TASK GOAL
The entries that follow need to be reproduced exactly, minus any images.

DATA UNDER STUDY
•••
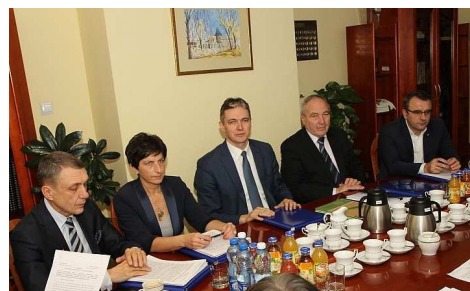
Zarząd Województwa Świętokrzyskiego wystąpi o przejęcie wiślickiego muzeum.

W przypadku Muzeum Regionalnego w Wiślicy sprawa jest ważna i pilna, ponieważ niezwykle zabytki Wiślicy, zwłaszcza wczes-
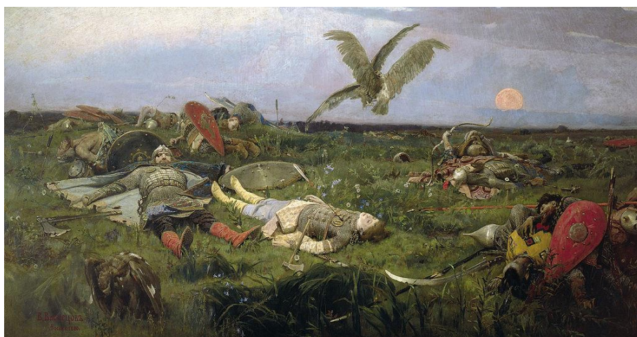
Figure 1. Viktor Vasnetsov . After the battle of Igor Svyatoslavich with the Polovttsy (Illustration of a scene of “The Song of Igor’s Campaign”, 1880, Tretyakov Gallery, Moscow)

Rainer Maria Rilke (1875–1926) translated “The Slovo o Polku Igoryeva” (“The Song of Igor’s Campaign”), a 12 th century Russian epic poem, which is rich in metaphors and motifs of Slavic Paganism, as part of his spiritual and aesthetic quest. “The Song of Igor” covers events in Southern Russia and present Eastern Ukraine in the years 1185–1187. The epic was probably composed shortly after that.
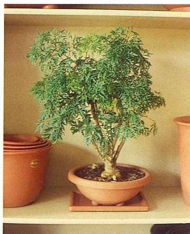
■福祿桐很耐陰，隱身在花盆間，依然健壯。
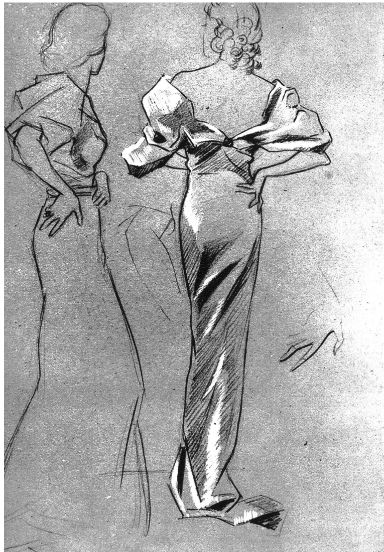
Modeklasse. Studie nach bekleidetem Modell

starren Formen verharren; ein steter Fluß, fortwährende Veränderlichkeit tritt gerade auf diesen Gebieten klar zu Tage. Deshalb wirkt der Unterricht nie schematisch, sondern mit seiner Lebenswirklichkeit stets interessant.
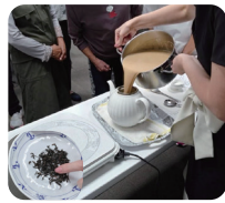
紅茶の淹れ方教室 (教え合い制度)
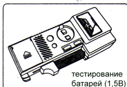
тестирование батареи (1,5В)
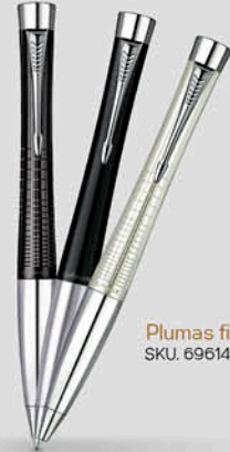
Plumas finas SKU. 69614, 69615, 69620.
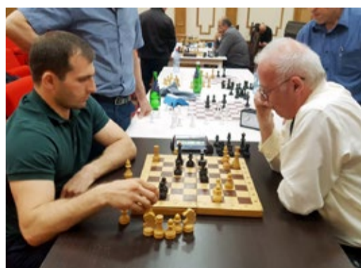
Шах или мат?

На той же интеллектуальной волне, что и игра «Узнать за 60 секунд», 26 апреля прошел шахматный турнир, организованный Объединенной первичной профсоюзной организацией «Газпром трансгаз Махачкала профсоюз». В нем приняли участие 12 представителей филиалов и подразделений Общества.
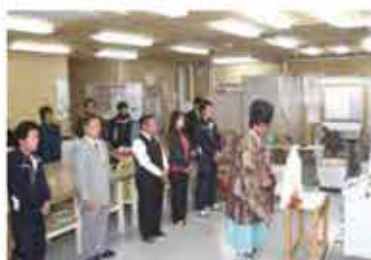
平成27年8月 四六半切カラー印刷機2台目導入
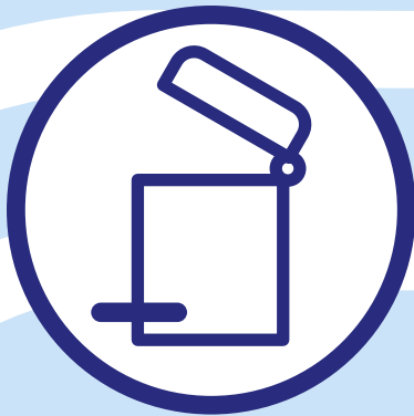
Afsluitbare vuilnisbak (bij voorkeur pedaalemmer) met plastic zak erin
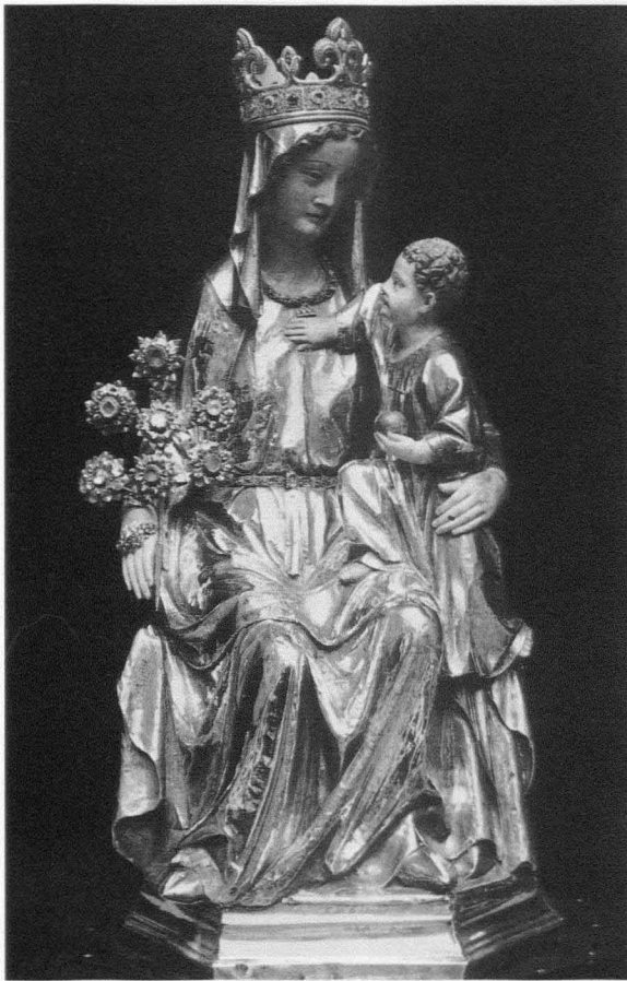
Fig. 5. María Lactans (pudorosa) . Roncesvalles. Colegiata. Principios s. XIV
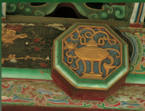
北港朝天宮門當綠色與其他色彩的搭配
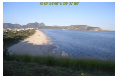
Praia de Cambinhas
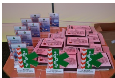
IV Zawody w Kwalifikowanej Pomocy Przedmedycznej Podlaskiego Oddziału Straży Granicznej
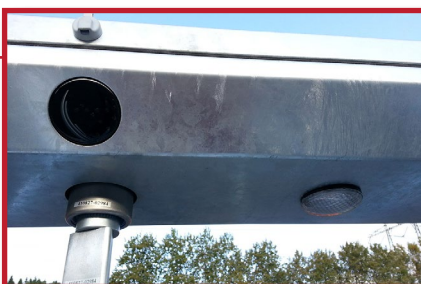
I taket på grinden er det lys, samt lys for retningsanvisning.
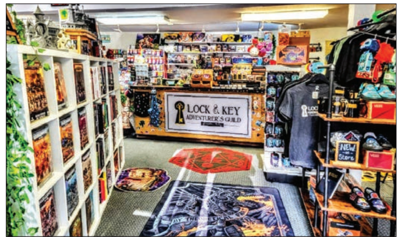
Equipos, suministros para pasatiempos, juegos de mesa, juegos de cartas coleccionables y mucho más están disponibles en Lock & Key Adventurer's Guild.
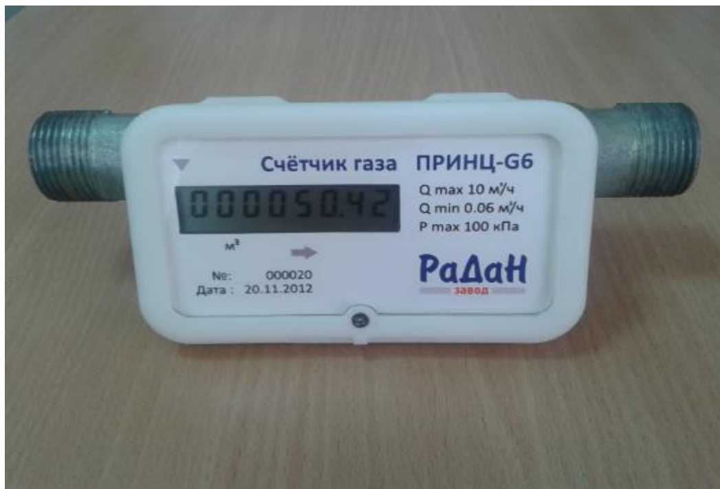
Рисунок 2 - Общий вид счетчика газа «Принц»

Для защиты от несанкционированного доступа счетчики пломбируются с помощью пломбировочной проволоки и пломбы Крабсил. Схема пломбировки счетчиков представлена на рисунке 3.
•••
TASK RESULT
Zarząd Województwa Świętokrzyskiego wystąpi o przejęcie wiślickiego muzeum.

W przypadku Muzeum Regionalnego w Wiślicy sprawa jest ważna i pilna, ponieważ niezwykle zabytki Wiślicy, zwłaszcza wczes-
Figure 1. Viktor Vasnetsov . After the battle of Igor Svyatoslavich with the Polovttsy (Illustration of a scene of “The Song of Igor’s Campaign”, 1880, Tretyakov Gallery, Moscow)

Rainer Maria Rilke (1875–1926) translated “The Slovo o Polku Igoryeva” (“The Song of Igor’s Campaign”), a 12 th century Russian epic poem, which is rich in metaphors and motifs of Slavic Paganism, as part of his spiritual and aesthetic quest. “The Song of Igor” covers events in Southern Russia and present Eastern Ukraine in the years 1185–1187. The epic was probably composed shortly after that.
■福祿桐很耐陰，隱身在花盆間，依然健壯。
Modeklasse. Studie nach bekleidetem Modell

starren Formen verharren; ein steter Fluß, fortwährende Veränderlichkeit tritt gerade auf diesen Gebieten klar zu Tage. Deshalb wirkt der Unterricht nie schematisch, sondern mit seiner Lebenswirklichkeit stets interessant.
紅茶の淹れ方教室 (教え合い制度)
тестирование батареи (1,5В)
Plumas finas SKU. 69614, 69615, 69620.
Шах или мат?

На той же интеллектуальной волне, что и игра «Узнать за 60 секунд», 26 апреля прошел шахматный турнир, организованный Объединенной первичной профсоюзной организацией «Газпром трансгаз Махачкала профсоюз». В нем приняли участие 12 представителей филиалов и подразделений Общества.
平成27年8月 四六半切カラー印刷機2台目導入
Afsluitbare vuilnisbak (bij voorkeur pedaalemmer) met plastic zak erin
Fig. 5. María Lactans (pudorosa) . Roncesvalles. Colegiata. Principios s. XIV
北港朝天宮門當綠色與其他色彩的搭配
Praia de Cambinhas
IV Zawody w Kwalifikowanej Pomocy Przedmedycznej Podlaskiego Oddziału Straży Granicznej
I taket på grinden er det lys, samt lys for retningsanvisning.
Equipos, suministros para pasatiempos, juegos de mesa, juegos de cartas coleccionables y mucho más están disponibles en Lock & Key Adventurer's Guild.
Рисунок 2 - Общий вид счетчика газа «Принц»

Для защиты от несанкционированного доступа счетчики пломбируются с помощью пломбировочной проволоки и пломбы Крабсил. Схема пломбировки счетчиков представлена на рисунке 3.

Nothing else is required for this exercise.